Wednesday, February 29, 2012

An Experimental Git Bug Tracker

Historically we in the Git development community never felt a need for a formal bug/issue tracker for various reasons, among which the most cited one is that a bug tracker will soon become a mere nuisance because it is bound to be left uncurated, accumulating duplicate, invalid, or already fixed issues.

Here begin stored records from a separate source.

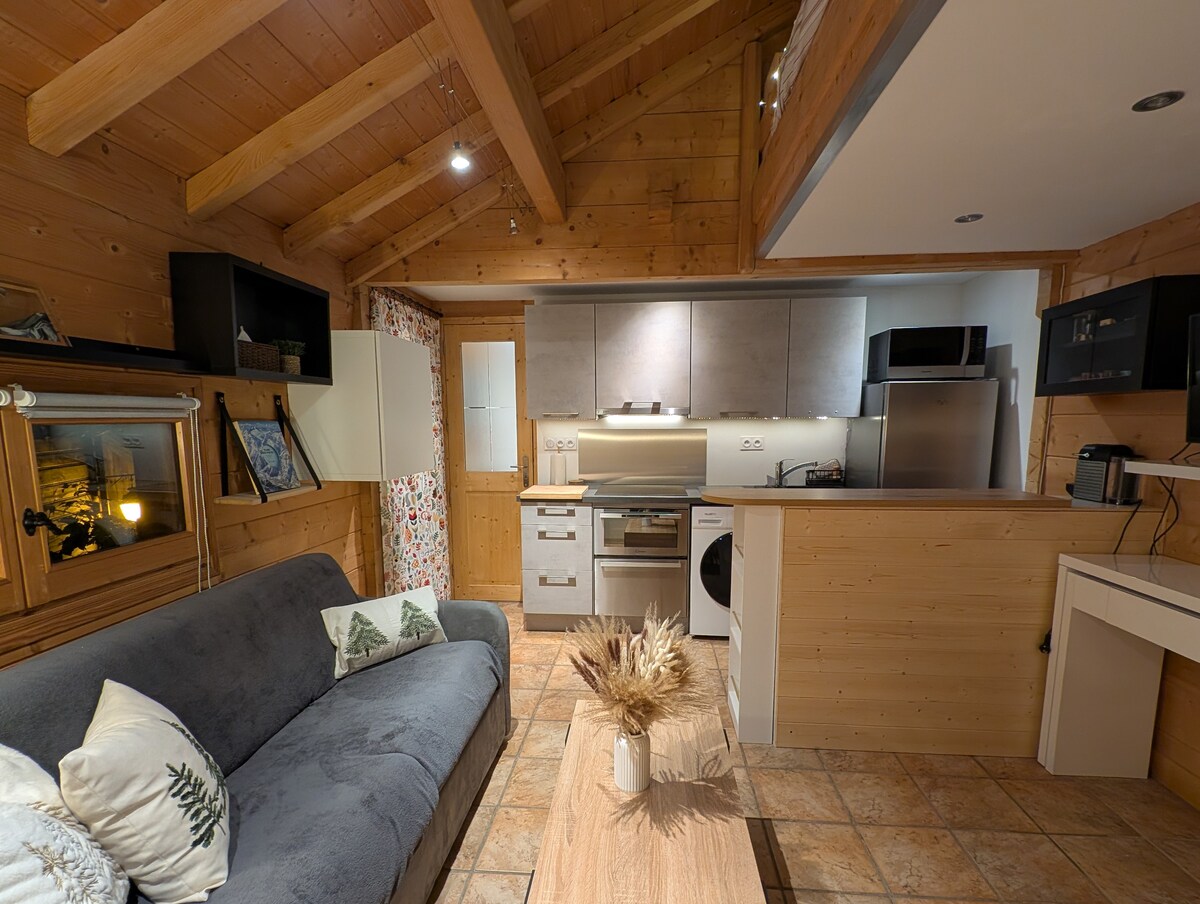 LES 2 ALPES 1650 – DÚPLEX de 40 m², completamente renovado en 2021 con materiales nobles y cálidos. Frente a la nieve a 350 m, telesilla sector «Diable». El estilo montaña chic, la alianza del negro y las maderas trabajadas te proporcionarán una sensación de bienestar. Las 2 plantas se han reorganizado por completo para optimizar la ergonomía sin renunciar a la estética. Desde este pequeño y acogedor nido, podrá disfrutar de las excepcionales vistas panorámicas de la mítica roca de la Muzelle.
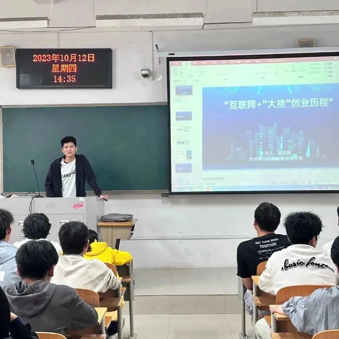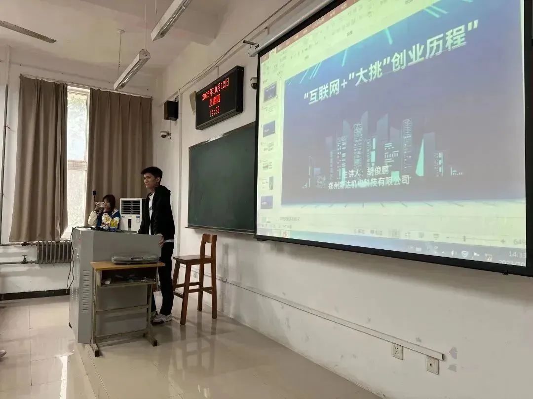 胡俊鹏还分享了立足所学专业,创办科创型企业的心路历程和发展经验,介绍了公司对老员工创新创业的扶持政策,”炫耀”了自己读书和创业期间所收到的来自公司各方面的支持和帮助,鼓励同学们把握好大学时光,为自己人生路上的创新创业打下坚实基础。
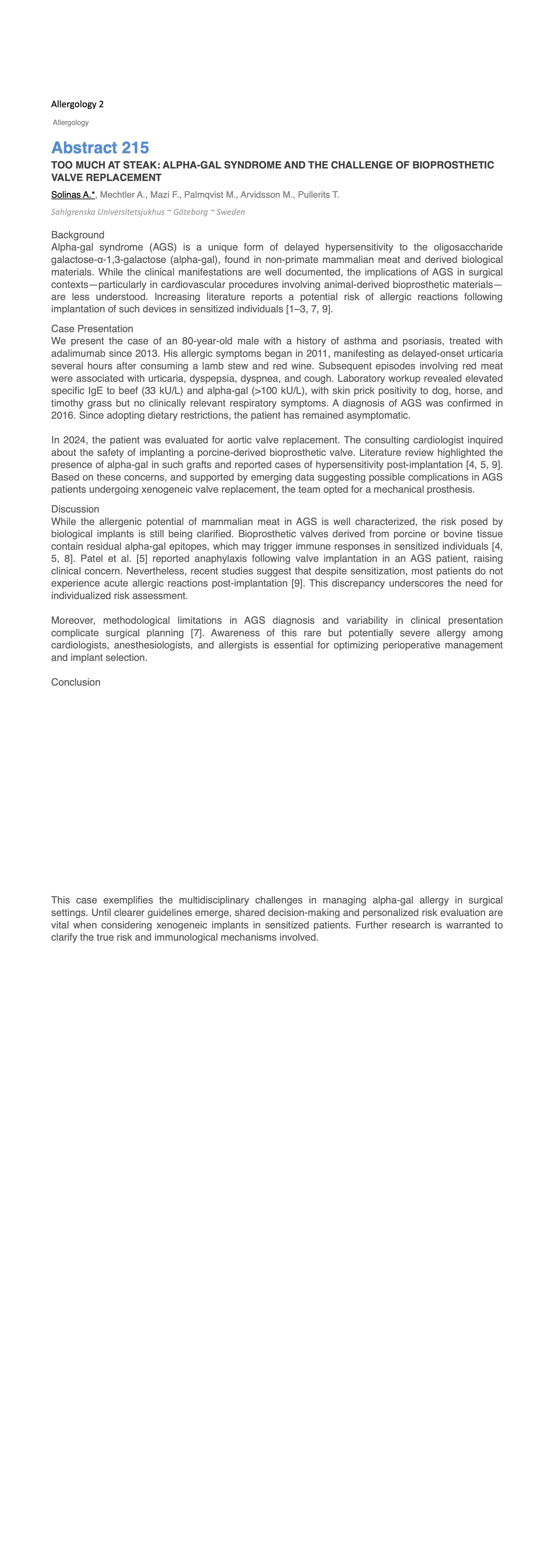 TOO MUCH AT STEAK: ALPHA-GAL SYNDROME AND THE CHALLENGE OF BIOPROSTHETIC VALVE REPLACEMENT
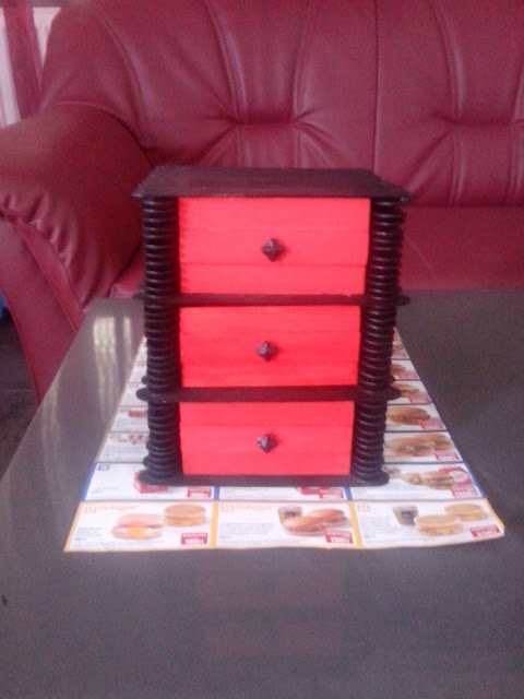 Én a keretet fekete spray festékkel festettem, míg a fiókokat ecsettel kentem!

Compared to the downside of a typical bug tracker, the current system of sending bug reports via e-mail to the mailing list has worked fairly well for us. If the issue is invalid (e.g. a user error), responses come in the form of education, from which other people on the mailing list can also benefit (as opposed to being buried in an entry marked as INVALID in the bug tracker nobody reads because it is full of cruft). If the issue is real and important (e.g. affects many people), the discussion thread becomes large and will inevitably get attention of the developers, and interactive back and forth that is necessary in order to ask for more details and to discuss the best solution can be done on the mailing list, i.e. in the same communication channel the developers who can fix the issue are already on. Even if the issue is real, if it is not important enough for the original reporter (or other users) to nag the list with a simple "Has anything happened to this issue?" message, it can be safely forgotten and everybody can move on.

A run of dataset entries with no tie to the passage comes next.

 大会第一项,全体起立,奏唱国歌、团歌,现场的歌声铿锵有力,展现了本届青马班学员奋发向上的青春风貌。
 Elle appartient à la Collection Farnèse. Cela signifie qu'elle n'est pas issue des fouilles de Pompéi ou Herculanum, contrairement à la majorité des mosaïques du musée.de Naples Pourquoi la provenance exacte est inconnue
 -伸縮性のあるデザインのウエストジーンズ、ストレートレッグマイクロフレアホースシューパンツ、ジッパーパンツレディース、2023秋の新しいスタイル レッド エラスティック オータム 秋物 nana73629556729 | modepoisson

An old collection of messages from the kernel mailing list also supports this view.

But the thing is, nobody seriously has tried an alternative of actually trying to set up, maintain and curate an instance of a bug/issue tracker for real to be used for Git development. From time to time, somebody new to the community comes and asks "do we have a bug tracker?" because a bug tracker has never failed for us. We haven't even tried. Every time the question is asked, the answer is the same: "Nobody has volunteered to actually do the work, and that is why we don't have one. Are you volunteering?"

So far.

Today, we had another round of the same discussion, with the same answer. Then a fellow by the name of Andrew Ardill stepped up and offered to set up a JIRA instance here. It is not (at least not yet) the official tracker for Git development, but it may become one some day, if it is maintained and curated properly.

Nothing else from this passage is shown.